Heartbreak House: Fassbinder’s BRD Trilogy

P

eople say that drugs killed Rainer Werner Fassbinder, but after taking another look at his films and his writings, I have a different idea. He once said, famously, that he was trying to construct a house with his films, which is hard work. Many filmmakers have left their own houses half-finished. But, with the possible exceptions of Yasujiro Ozu and John Ford, Fassbinder was the only one who left a beautiful, livable dwelling into which others might enter and be inspired to build their own. Had he lived, he would surely have made modifications and built many extensions, but the fact that he left us with a finished product is fairly astonishing, given the short time he had to complete it. Not every part of the house is equally interesting—think of Satan’s Brew (Satansbraten, 1976) as the plumbing and Chinese Roulette (Chinesisches Roulette, also 1976) as the wiring. The three films that compose the famous BRD Trilogy, as it came to be known, are the rock-solid foundation . . . or, perhaps, the central staircase.

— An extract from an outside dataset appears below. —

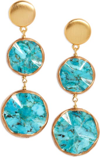 Undulate turquoise inlays lend organic color to these statement-sized drop earrings anchored with hand-etched discs.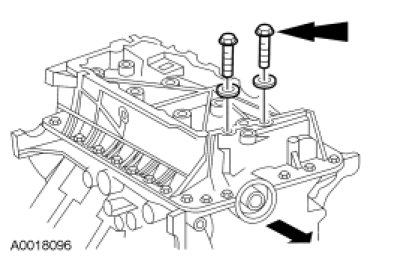 58. Install new seals on the 2 silver bolts and loosely install them in the cylinder block cradle.

Unlike most of the other houses going up around him, built with flimsy modern foundations that didn’t go deep enough (for fear of hitting the rotten substratum of Nazism), Fassbinder’s was built with a sense of history. “He wore himself out constructing a place to house his dreams,” wrote French critic Serge Daney in his Libération review of Veronika Voss (Die Sehnsucht der Veronika Voss, 1982). “But Fassbinder’s task as a director consisted of recreating one by one, ex nihilo, all the real things, too real, outside of which a dream cannot become incarnate and stays nothing more than a piece of retro fabulation.” Fassbinder understood that as a German in the seventies, one had to do real historical work: to recreate not just the images but the mental framework of the past, to not merely acknowledge historical amnesia but make an effort to understand how and why it manifested itself. “When I see the fuss being made over Holocaust,” Fassbinder once said of the traumatized German reaction to the American TV miniseries, “I wonder why they have to make such a fuss; have they really repressed and forgotten all of that? They can’t have forgotten it; they must have had it on their minds when they were creating their new state. If a thing of so much significance could be forgotten or repressed, then something must be pretty wrong with this democracy and this ‘German model.’ ” He knew that all roads led back to the gray, amoral confusion of the fifties and the years of the Wirtschaftswunder—Germany’s postwar economic miracle.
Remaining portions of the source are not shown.